I know of no contemporary pediatrician who believes that the cutting of deciduous teeth causes skin rashes. But, almost all the great figures in the history of pediatrics believed firmly that teething was associated with a riety of rashes. Michael Underwood, who more than anyone else laid the foundation of modern pediatrics, wrote about tooth-rashes as follows:

A very common rash, appears chiefly in teething children, which yery much resembles the measles, and has been sometimes mistaken for it. It is preceded by sickness at the stomach, but is attended by very little fever; though the rash continues very florid for three days, like the measles, but does not dry off in the manner of that disease. . . .

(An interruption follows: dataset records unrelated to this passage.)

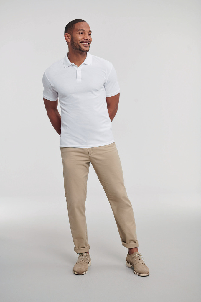 65% poliéster / 35% algodão. Carcela com 2 botões. Botões tom sobre tom. Costuras reforçadas ao nÃvel dos ombros. Tapa costuras no colarinho. Corte clássico. Lavável a 60º.
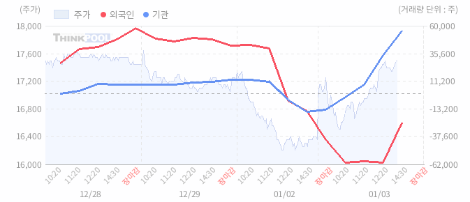 03일 14:40 매매 동향 : 외국인 15,000주 순매수, 기관 70,000주 순매수
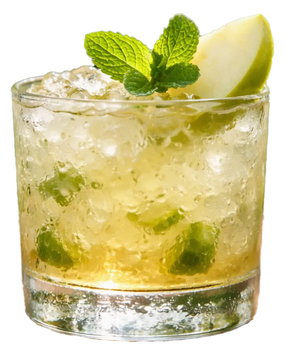 Un cocktail fresh, răcoritor și echilibrat, cu note acrișoare de măr verde, prospețime de mentă și o bază clasică de whisky. Este o variantă reinterpretată a stilului “smash”, foarte popular și testat în baruri.
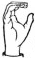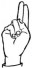 На ћирилици написано САНДРА ИВАНАЦ састоји се из 12 слова [?]. Исписано ћириличном једноручном азбуком за глувонеме:
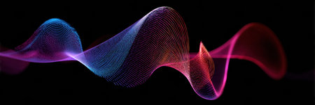 An abstract digital illustration presents a flowing waveform design. The image features a gradient of pink and blue hues against a black backdrop. The composition suggests motion and energy, suitable for visual representations related to data, sound, or communication. This image may be used for various design projects.

While the double or eye-teeth are cutting, I have noticed a rash Which at its first appearance is very similar to the above, and has likewise been mistaken for the measles. It, however, soon spreads into larger spots and patches of bright red, and afterwards of a darker hue, resembling the ill-looking petechiae which appear in bad fevers, but is, nevertheless, of a benign nature. It is, indeed, attended with some fever, arising possibly from the irritation occasioned by teething, and has been followed by small and hard round tumours on the legs, which softening in two or three days, always appear as if they would suppurate, though I believe they never do . . . [? erythema nodosum, T. E. C., Jr.]

I have seen a third kind of rash, in appearance resembling the measles, and, like it, covering the whole body, but with larger intermediate patches, like the eruption in the scarlet fever. . . .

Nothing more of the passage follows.